With that being said, your core argument that Gates could have done more still stands. The US government certainly could have done a lot more. And so could have the Europeans. It is indeed quite puzzling that vaccine production and distribution attracted so much less investment than economic supports across the world, despite their obvious importance. It seems like the global coordination on vaccines we saw last year represented a major step forward from past practice, but is still far away from what would be ideal.
I mostly think you are asking good and appropriate questions, but wanted to add some important context that is missing from the writeup here. In March, the Global Preparedness Monitoring Board, on which the Gates Foundation serves, announced an $8 billion fundraising effort for a range of priorities including vaccine manufacturing capacity. After committing $250 million of its own, Gates shortly afterwards co-launched the COVID-Zero campaign with Wellcome Trust which was intended to be the private-sector fundraising component for this effort. While a specific goal for COVID-Zero was not disclosed publicly, it raised only $27 million; almost all of the remaining gap was covered by national governments and the European Commission on a giant virtual telethon on May 4. By that point, this international effort had morphed into what is now known as the ACT-Accelerator, one of the planks of which was to spur vaccine production by offering Advance Market Commitments (AMCs) to vaccine producers globally through Gavi’s COVAX Facility. Although this didn’t involve paying for manufacturing capacity directly, the thinking was that with money in hand, vaccine producers would be more likely to ramp up production sooner. It’s important to note that COVAX includes both rich and poor countries; the whole idea was to make an attractive pooled global market for vaccine makers that wasn’t distorted by individual countries’ purchasing power.
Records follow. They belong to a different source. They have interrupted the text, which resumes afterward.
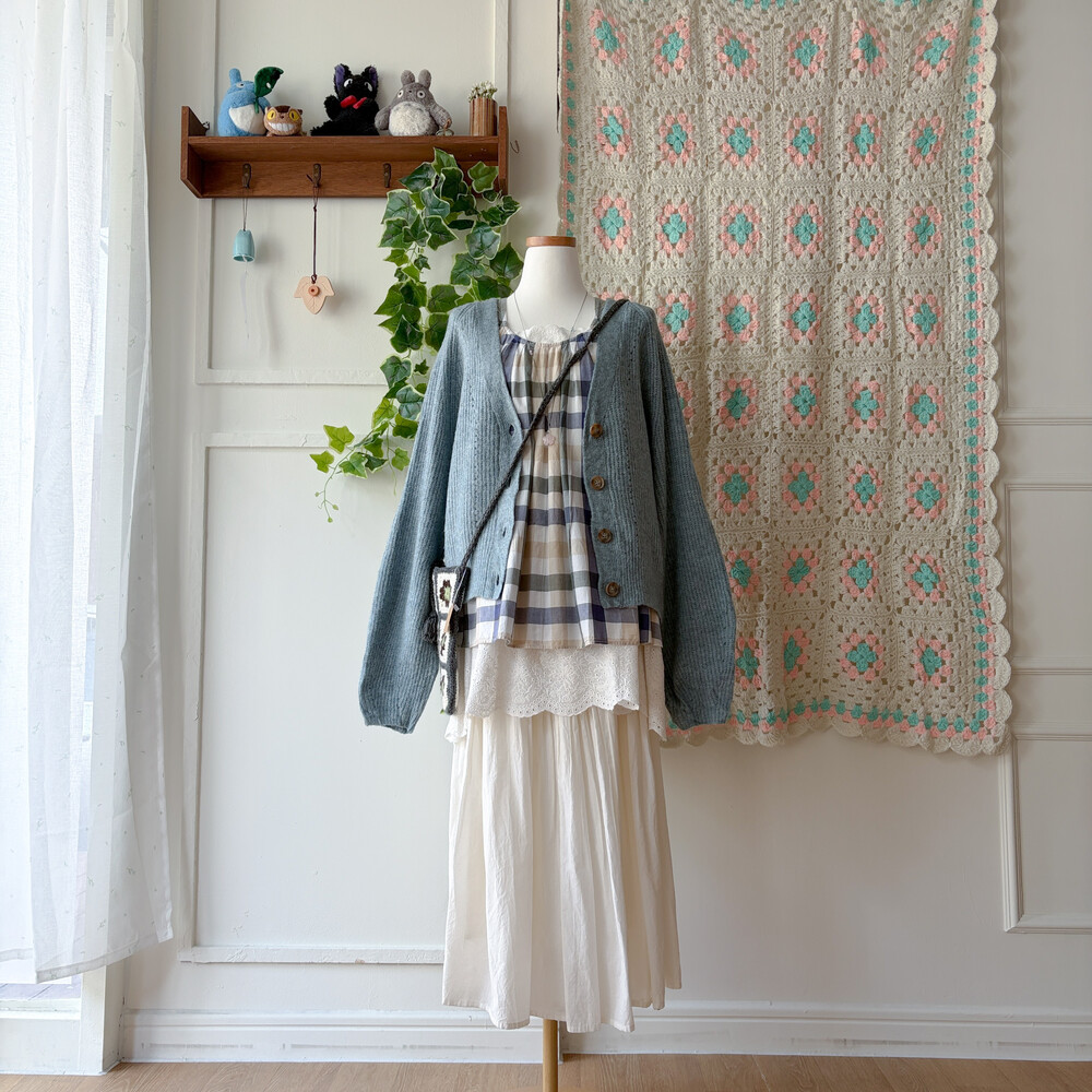 다른 블라우스나 가디건과 레이어드코디하기 좋은 아이템이랍니다:)
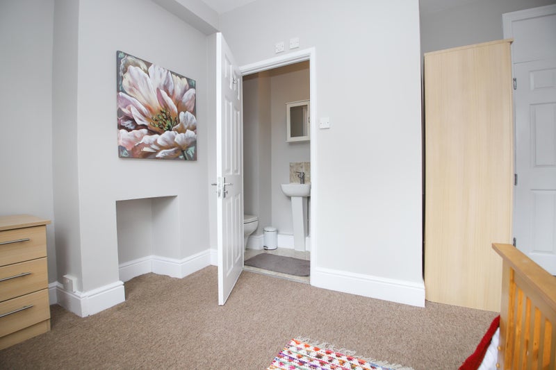 The bedroom is on the first floor and is £850 per month, offering a generous-sized bedroom with an ensuite. It includes a double bed, wardrobe, bedside table, and chest of drawers.
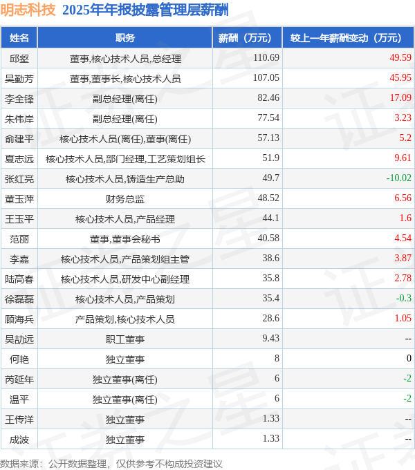 证券之星消息,明志科技发布2025年年报,数据显示:公司主营收入5.3亿元,同比减16.0%。归母净利润为7988.57万元,同比增20.42%。扣非净利润为4570.67万元,同比增32.88%。当年公司员工总数694人,同比减6.22%。人均薪酬21.6万元(注:"人均薪酬"根据定期报告中"应付职工薪酬"附注的本期增加值 / 员工总数计算而来),同比增5.8%。人均创收76.43万元,同比减10.43%。人均创利11.45万元,同比增27.75%。其中管理层薪酬总额为840.16万元,同比上一年增15.01%,薪酬最高的为董事,核心技术人员,总经理邱壑,薪酬110.69万元。
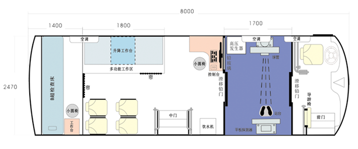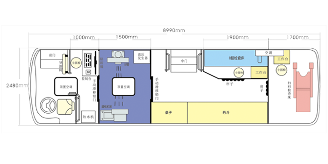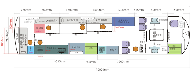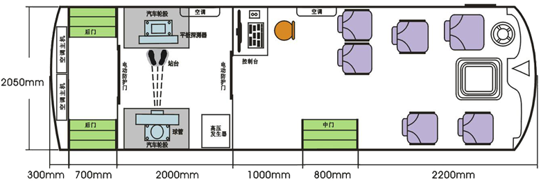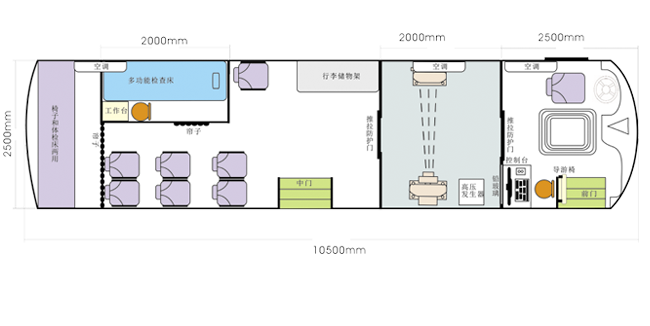 DR体检车立铅防护室,把DR铅防护室安装体检车中心,图像数字化处理成像准确。比医院的科室DR便捷,而且有相当不错的抗震效果,在生产DR车的时候,考虑到车载DR较科室DR功率略小,在体检车上定制车载DR能高效完成放射类体检项目。其放射X剂量少很多,也让移动体检车在行驶过程中更安全。采用三层以上喷涂喷砂技术、防锈防腐、光亮钯漆技术。

However, COVAX has struggled to raise the money it needs, mostly because under Trump the US was extremely disinterested in funding it and preferred to invest in the US-specific Operation Warp Speed instead (but underfunded that too). In the December stimulus bill, however, the US earmarked another $4 billion for the ACT-Accelerator and the Biden administration has planned more in the next round of stimulus it’s proposed.
While contributing a minority of the funds itself, the Gates Foundation has contributed, to my understanding, a great deal to the reality of this shared fundraising commitment among world governments. It’s not enough, but it’s about 15-20x what the foundation has done on its own and unprecedented in the context of previous pandemics. Now, your post is asking why the foundation hasn’t done even more. I doubt very much that it’s because of equity considerations; it seems much more likely that it just didn’t want to take away too much from its core programming; its longstanding fights against polio, TB, malaria, etc., have faced significant setbacks from being overshadowed by COVID, and it’s generally quite difficult for foundations to radically shift their programming in a short period of time. A statement from the foundation at the above link provides some clues here:
“We are increasingly focusing the expertise of our staff and leveraging our partnerships”—i.e., instead of giving money. I think Gates concluded, reasonably so, that the foundation could have more impact trying to get governments to give more than taking away from its own investments.
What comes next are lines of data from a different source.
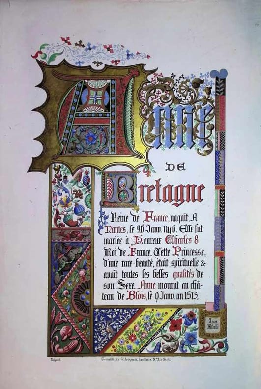 Sans reliure, 47 x 32,5 cm, 25 pp., français, 1ère édition, illustrations, état du livre: Très bon L'artiste Jean Midolle était un maître calligraphe et graphiste qui a travaillé à Genève, Mulhouse, Saint-Gall et Strasbourg, et une figure de proue du renouveau romantique des arts manuscrits. Gand, G. Jacqmain, 1846. Un grand et fort volume (47 x 32,5 cm) composé d'une page de titre et de 24 planches en chromolithographie imprimées sur papier cérusé (dit carton porcelaine). Non relié. Les feuilles de carton porcelaine. Ces impressions, entre 1835 et 1860 environ, étaient surtout utilisées comme support commémoratifs, commerciaux ou publicitaires. Il s'agit ici d'un Abécédaire composé par de beaux spécimens de pages inspirées de manuscrits des XIVe et XVe siècles, très colorées, aux bordures historiées ornées de fleurs et d'animaux fantastiques. Les planches présentent une courte biographie de personnages historiques dont Anne de Bretagne, Édouard d'Angleterre, Gustave-Adolphe de Suède, Louis XIV, Marie de Médicis, le peintre anversois Quintin, Richard Coeur de Lion, Sully, Turenne. La page de titre est souillée. Certaines pages présentent des déchirures et/ou de petites pertes de papier. Il s'agit néanmoins d'un très bon exemplaire. [Cette description peut avoir été traduite par une IA.]
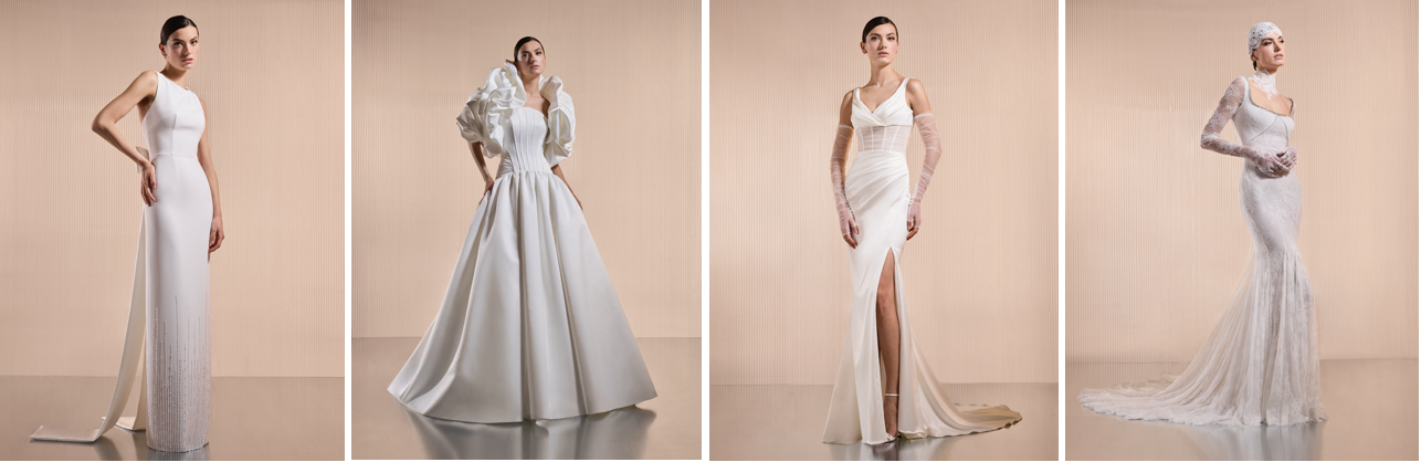 Dopo il successo della prima collaborazione nel 2024, questa seconda edizione include 18 nuovi modelli concepiti come opere scultoree che fondono arte e moda. Tessuti fluidi come il satin e il crêpe si intrecciano con tulle plissettato che evoca movimento e leggerezza, mentre le silhouette strutturate aggiungono un tocco di sensualità. La collezione gioca con il concetto di “design fluido”: drappeggi che sfidano la gravità, corsetti aderenti che scolpiscono il corpo e pizzi tridimensionali che si allontanano dallo stile tradizionale per abbracciare un’estetica più audace. L’organza si presenta con una texture rigida e luminosa, mentre i ricami in microcristalli definiscono le silhouette con linee precise e strutturate.
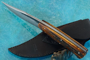 The blade was hand forged from 1095 carbon steel surrounded by 420 stainless steel. This technique, known as san mai (three layers) provides the performance of 1095 carbon steel, with the lower care of stainless steel sides. The transition between the hard center core and the softer sides is particularly dramatic, with a transition line similar to a hamon in appearance. The flats are forge finished. The harpoon tip and recurve cutting edge is a hallmark of their style.
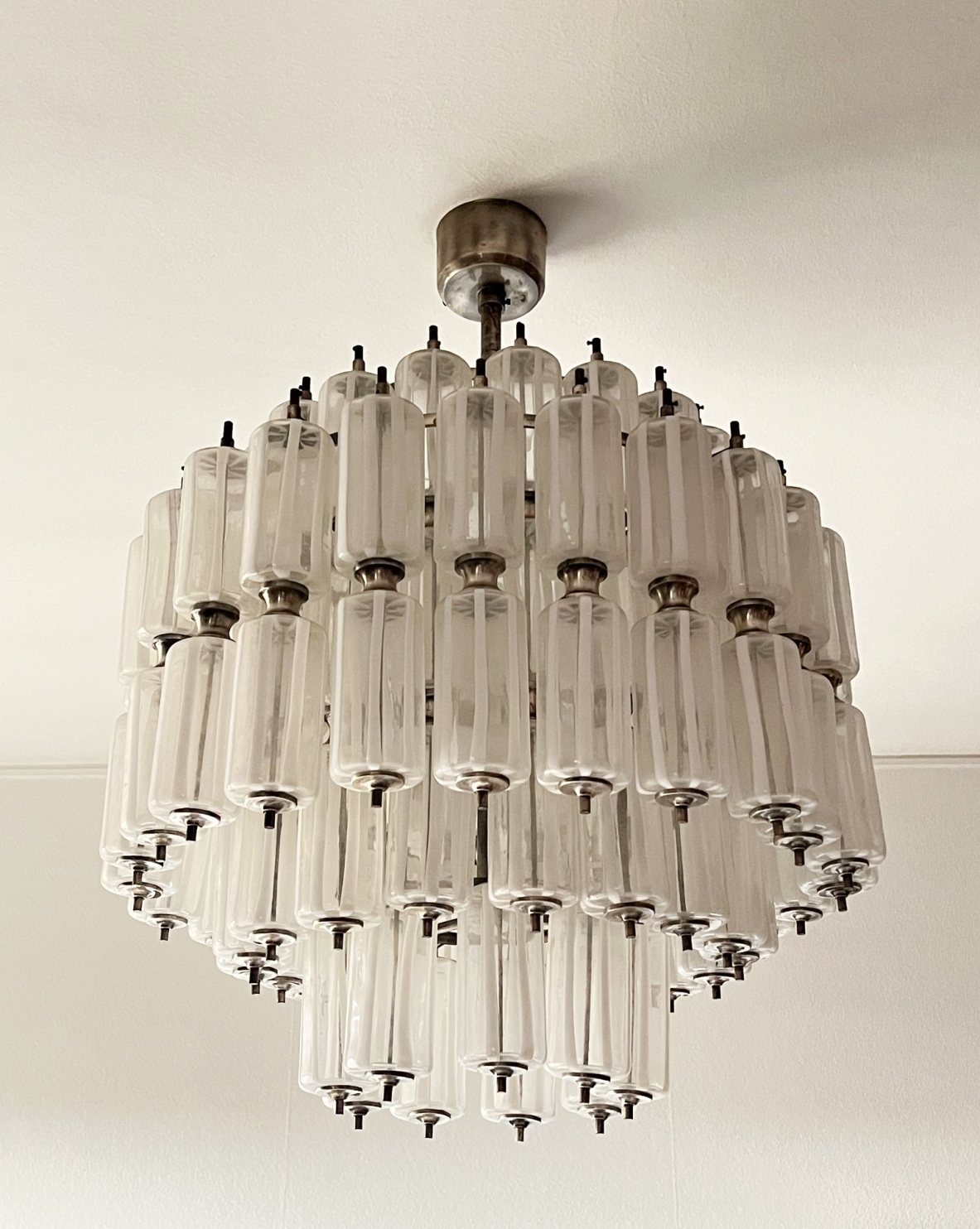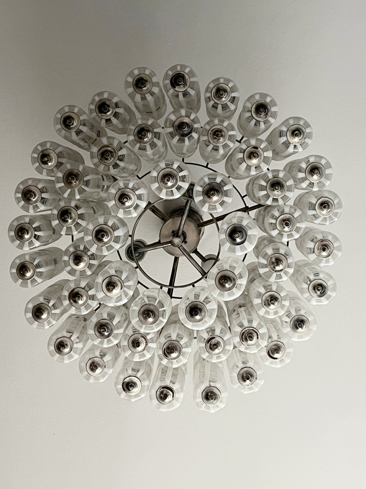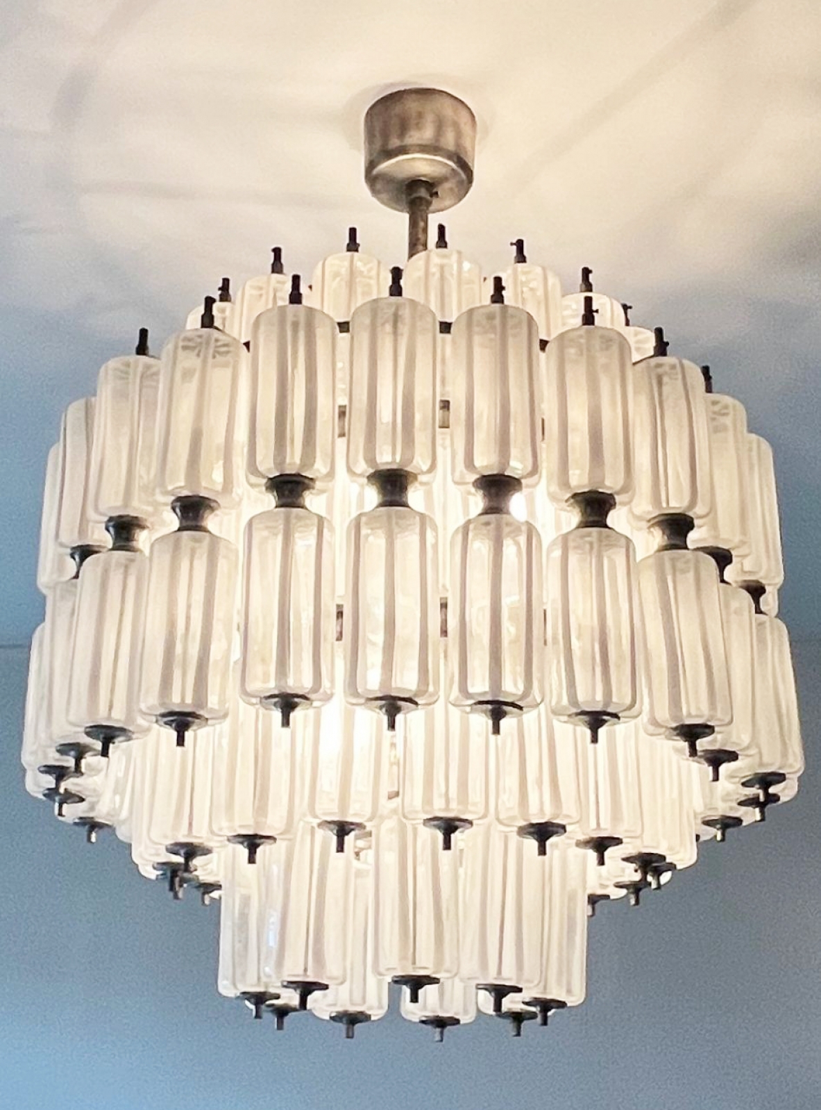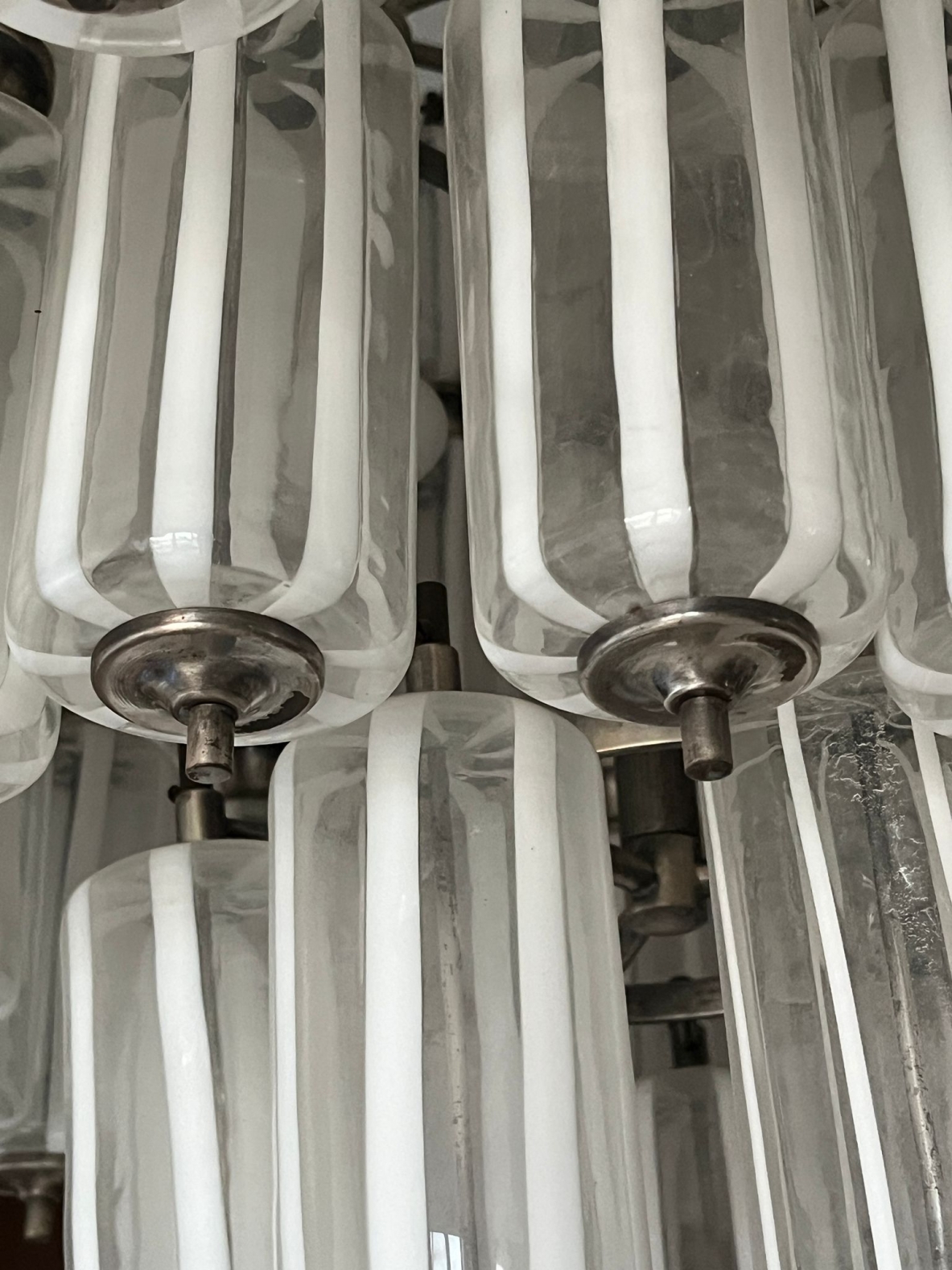 Importante lampadario in vetro di murano composto da 110 elementi a cilindro trasparenti dipinti a fuoco secondo la tecnica a lattimo.

With that being said, your core argument that Gates could have done more still stands. The US government certainly could have done a lot more. And so could have the Europeans. It is indeed quite puzzling that vaccine production and distribution attracted so much less investment than economic supports across the world, despite their obvious importance. It seems like the global coordination on vaccines we saw last year represented a major step forward from past practice, but is still far away from what would be ideal.